The aim of this project is to perform dynamic separation of catchment water balance using rainfall, temperature and stream flow time series. The computer program, IHACRES, will be applied to a large number of catchments (of different sizes and in different hydrodynamic regimes) world wide. The outcome will be a better understanding of how catchments respond to climatic and land use changes.
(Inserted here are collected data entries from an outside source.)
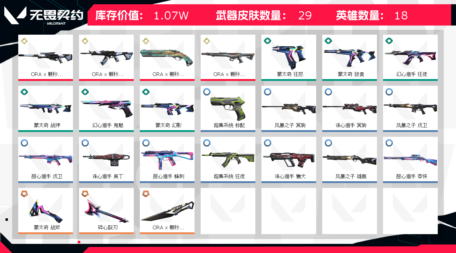 套装:ORAx颗秒套装 ORAx颗秒套装皮肤:ORA x颗秒狂徒V5|ORA x颗秒幻影V4|ORA x 颗秒冥驹V3|ORA x 颗秒正义V4|ORA x 颗秒军刀V3|ORA x 颗秒喇叭| 其他皮肤:幻心猎手狂徒|诛心猎手獠犬|诛心猎手正义|甜心猎手蜂刺|诛心猎手奥丁|甜心猎手莽侠|甜心猎手戍卫|甜心猎手幻影|碎心裂刃|幻心猎手鬼魅|;
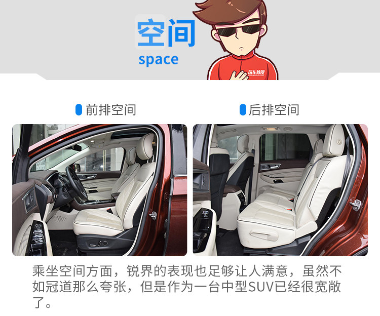 虽然锐界在长度方面优势不大,不过2850mm的轴距还是比对手强不少了,这种优势也直接体现在车内空间上。
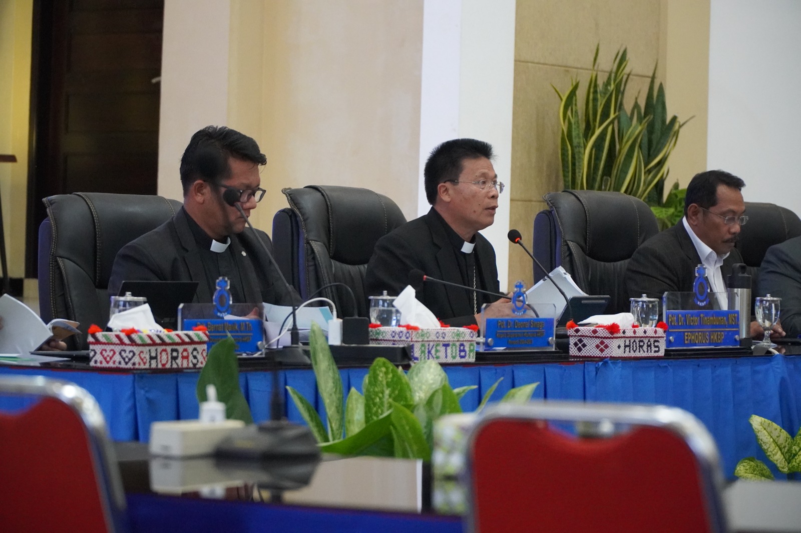 Rapat dibuka secara resmi oleh Ephorus HKBP, Pdt. Dr. Victor Tinambunan, M.ST. Ia menekankan pentingnya memulai seluruh rangkaian rapat dengan Ibadah dan Perjamuan Kudus. “Kami sengaja menempatkan Perjamuan Kudus di awal rapat agar kita semua secara sadar menyerahkan seluruh proses, pemikiran, hingga pengambilan keputusan kepada tuntunan dan anugerah Tuhan,” ujarnya dalam sambutan pembuka.

What are the basic questions addressed?

IHACRES has proven to be a relatively simple but effective model, incorporating the basic physics and having around six parameters, that has been shown to be applicable in a wide variety of hydroclimatologies. The accuracy of IHACRES compares extremely favourably with all other, including more complex models, which are in common use for calculating streamflow runoff from rainfall data. A number of catchments in different climates, and with different vegetation cover, are being studied. It is hoped that this will lead to improvements in IHACRES and that the model can then be incorporated into global climate models as well as being used to assess the effects of prescribed vegetation changes on the water balance in a prescribed catchment.

What are the results to date and the future of the work?

The program IHACRES is currently being ported to the CM-5. A `cloning' code, using the CMMD libraries, has initially been written. The processing is divided between the processors allowing for the parallel processing of 32 different sets of input parameters. Currently the program has been partially rewritten in CMFortran, however it is envisaged that a further increase in speed of the code over the workstation version can be achieved once more efficient algorithms are used for the major processing subroutines. This will allow for a greater level of parallelisation. Currently this program is being used to search the parameter space on a number of different catchments, at a speed and ease much greater than what could be achieved on workstations. Catchments being modelled include various sub catchments in the Murray-Darling basin, relatively dry catchments in Western Australia, as well as benchmark catchments in Australia and the United States.

What computational techniques are used and why is a supercomputer required?

The bulk of the calculation involves parameter estimation using an instrumental variable algorithm. A large parameter space needs to be searched and this can be efficiently carried out in parallel.

The CM-5 provides a perfect platform for the program IHACRES. The programming language CMFortran will allow an efficient version of the program to be written for the CM-5 and the CMMD library functions then allow the program to be run in parallel on the 32 nodes thus allowing the parameter space to be more efficiently searched.